I can Rallyman. Caveat though. I’m off on holiday for two weeks soon. So accessing the internet on a suitable device may be patchy. I really can see this working well on a mobile
Yeah all right. I’ve pretty much given up BGA with strangers but I’m happy to play with you lot. Send me BGA names and I’ll set up a game.
(And/or if you TTS and we can find a working time slot I can teach it better there, because I can move the bits around to demonstrate how things work. There’s a jolly good officially approved mod, co-maintained by, er, me.)
Here I am not on holiday. My partner is still saying things along the lines of “in 2 weeks I have more time for this” otherwise he would enjoy it but he currently has assessment meetings and those take up EVERYTHING… in any case I am with less time in 2 weeks and more now.
I would give it a go as a learning game if it is async. Oh and as I know nowt then likely be needing a hand. Played a whole tournament of innovation and still don’t have a clue about that game …
The dice are only rolled to check if you take damage. They are always number 1-6 and you also have 2 white coasting dice without numbers and 3 red break dice without numbers.

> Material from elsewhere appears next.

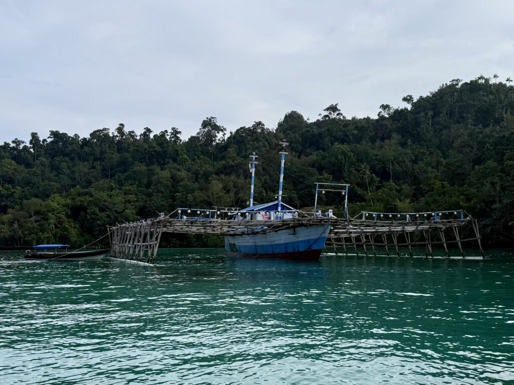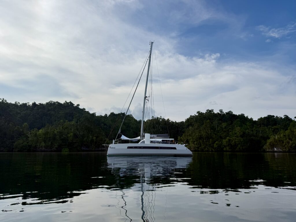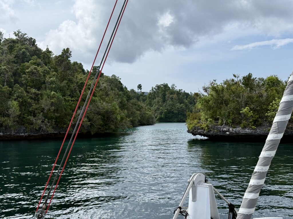 Phoebs was with us by 8am, Nur picked her up from the airport and brought her to us. She has had a great flight across with Turkish airlines to Jakarta via Istanbul and the last leg to Sorong on a local flight. She came through with her extra bag containing a stand up paddle board, over 4kgs of cheese, tahini, coffee, sunflower seeds, bottles of gin and many, many other goodies. What a star! So lovely to have her with us. Once onboard Nur released our lines and we were off out the marina. Departing without a single entanglement with next door’s lines!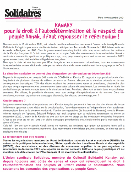Solidaires national KANAKY – Pour le droit à l’autodétermination et le respect du peuple Kanak, il faut repousser le referendum ! 9 Nov, 202113 Nov, 2021 Lire la suite Solidaires national Augmenter les salaires, c’est urgent ! 9 Nov, 202113 Nov, 2021 Lire la suite Solidaires national Les agent-es publics plébiscitent le statut de la fonction publique 9 Nov, 202113 Nov, 2021 Lire la suite Solidaires national Manifestaton nationale des retraité-e-s le 2 décembre à Paris 9 Nov, 202113 Nov, 2021 Lire la suite 6667686970 Nos commissions FéminismeLGBTI+ImmigrationInternational Les collectifs amis Étiquettesantifascisme antiracisme assurance chômage cheminots chômage conditions de travail crise sanitaire culture féminisme grève hopital intermittents international lutte lutte interprofessionnelle lycéens manifestation mobilisation précaires précarité rail rassemblement retraites répression salaire sans-papiers santé service public sncf Solidaires solidarité sud education 31 sud rail SUD Santé Sociaux sud éducation syndicat syndicats sécurité sociale Toulouse Université urgence sanitaire urgence sociale violences policières éducation éducation nationale Un seul cookie sera déposé sur ton ordinateur pour faciliter ta navigation. Pas plus ! Accepter Refuser

Each of these dice have a number of blank faces and „oopsie triangle“ faces, roll three triangles and you lose control of the car.
You can choose to roll dice all together for „flat out“ which gives you „focus points“ or you can roll each dice separately starting at the first you placed which means you can stop at any time when you have 2 triangle faces. You can use focus points to skip rolling a die.

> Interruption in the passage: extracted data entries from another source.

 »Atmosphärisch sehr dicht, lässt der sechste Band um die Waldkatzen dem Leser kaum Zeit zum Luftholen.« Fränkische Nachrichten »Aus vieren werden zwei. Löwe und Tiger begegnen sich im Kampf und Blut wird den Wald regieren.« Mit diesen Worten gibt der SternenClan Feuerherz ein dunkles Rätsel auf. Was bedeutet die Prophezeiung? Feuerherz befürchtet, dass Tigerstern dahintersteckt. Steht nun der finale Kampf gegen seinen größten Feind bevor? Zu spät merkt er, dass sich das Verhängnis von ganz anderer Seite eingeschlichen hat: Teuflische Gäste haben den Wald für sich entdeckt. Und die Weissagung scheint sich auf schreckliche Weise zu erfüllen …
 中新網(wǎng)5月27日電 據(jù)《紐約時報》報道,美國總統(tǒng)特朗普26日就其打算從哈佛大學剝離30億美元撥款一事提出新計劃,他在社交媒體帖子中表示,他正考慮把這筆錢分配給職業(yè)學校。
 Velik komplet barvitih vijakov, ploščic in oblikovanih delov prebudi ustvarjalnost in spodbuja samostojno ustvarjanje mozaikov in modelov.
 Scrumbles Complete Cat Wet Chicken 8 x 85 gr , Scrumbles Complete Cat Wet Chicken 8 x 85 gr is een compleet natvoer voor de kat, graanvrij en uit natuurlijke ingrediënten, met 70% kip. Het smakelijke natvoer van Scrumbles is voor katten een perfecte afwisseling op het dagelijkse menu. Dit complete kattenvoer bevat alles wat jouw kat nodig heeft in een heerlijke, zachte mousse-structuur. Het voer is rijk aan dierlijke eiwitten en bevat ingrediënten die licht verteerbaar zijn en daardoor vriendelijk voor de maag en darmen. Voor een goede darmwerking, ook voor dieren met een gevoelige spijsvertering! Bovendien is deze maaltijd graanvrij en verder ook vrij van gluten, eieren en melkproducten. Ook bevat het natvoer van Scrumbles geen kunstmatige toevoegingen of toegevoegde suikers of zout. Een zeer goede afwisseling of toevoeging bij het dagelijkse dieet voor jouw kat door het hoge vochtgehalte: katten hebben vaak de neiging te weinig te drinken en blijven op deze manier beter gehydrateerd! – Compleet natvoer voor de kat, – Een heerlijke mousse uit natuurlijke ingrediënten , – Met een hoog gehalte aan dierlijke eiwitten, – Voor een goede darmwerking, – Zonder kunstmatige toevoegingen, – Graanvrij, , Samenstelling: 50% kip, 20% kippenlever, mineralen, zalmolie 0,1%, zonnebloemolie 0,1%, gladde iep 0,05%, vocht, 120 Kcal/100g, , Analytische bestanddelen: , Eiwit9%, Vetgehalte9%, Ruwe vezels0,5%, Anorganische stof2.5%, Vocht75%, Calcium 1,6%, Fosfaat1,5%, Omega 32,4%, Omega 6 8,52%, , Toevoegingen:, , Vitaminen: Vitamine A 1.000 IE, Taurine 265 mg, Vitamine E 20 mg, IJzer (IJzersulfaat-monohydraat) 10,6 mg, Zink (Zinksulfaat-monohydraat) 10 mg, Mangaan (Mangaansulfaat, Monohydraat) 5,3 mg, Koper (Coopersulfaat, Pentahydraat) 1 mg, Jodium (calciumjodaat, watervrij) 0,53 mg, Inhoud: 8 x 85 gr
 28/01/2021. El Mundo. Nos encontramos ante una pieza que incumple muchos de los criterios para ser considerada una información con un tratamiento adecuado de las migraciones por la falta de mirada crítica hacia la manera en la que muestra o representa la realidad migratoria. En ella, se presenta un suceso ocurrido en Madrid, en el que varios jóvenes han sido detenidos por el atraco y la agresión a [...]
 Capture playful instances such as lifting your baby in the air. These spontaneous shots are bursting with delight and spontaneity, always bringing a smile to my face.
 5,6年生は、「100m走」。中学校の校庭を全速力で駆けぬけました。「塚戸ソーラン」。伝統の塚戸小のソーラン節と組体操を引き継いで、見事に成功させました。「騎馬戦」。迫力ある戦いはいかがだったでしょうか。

When you crash at speeds higher than 1 or 2 you can take damage and lose dice.
When you “lose dice” this doesn’t mean specific dice: if you’ve lost one black die, you can use 1-5 on one turn, 2-6 on the next.
1-2 and the white (coast) dice have 1 hazard each. 3-6 and the red (brake) dice have 2. The number and colour tell you when you can play it; when you roll, all that matters is hazard or not.
An important strategy tip: if you lose control in gear 1 or 2, you don’t miss a turn recovering (or risk damage). And if you’re rolling flat out, you can rearrange dice after you lose control, as long as you still lose it. So corners with a speed limit 1 are really handy, if you can arrange to cross that limit at speed 2 and have a nice safe stop rather than cutting a swath through the crowd.
Stuff BGA is doing automatically: turn order. Within each round, players act:
highest gear first
if tied, furthest round the track first
if still tied, inside of the current or next corner (i.e. space with speed restriction) first
This is probably a good time to talk about blocking.
This is a moderately unfriendly aspect of the game, so I would tend not to do it much with new players. I don’t mean filling up all lanes of the track, but rather the stuff you can do on your own: going fast to overtake someone who’s going slowly: if I end up at speed 5, one space ahead of someone who ended their previous turn at speed 3 and is going to move before I move again, they can’t accelerate up to speed 5 in a single space so they can’t move at all. (BGA shows this as a “skip turn” button.)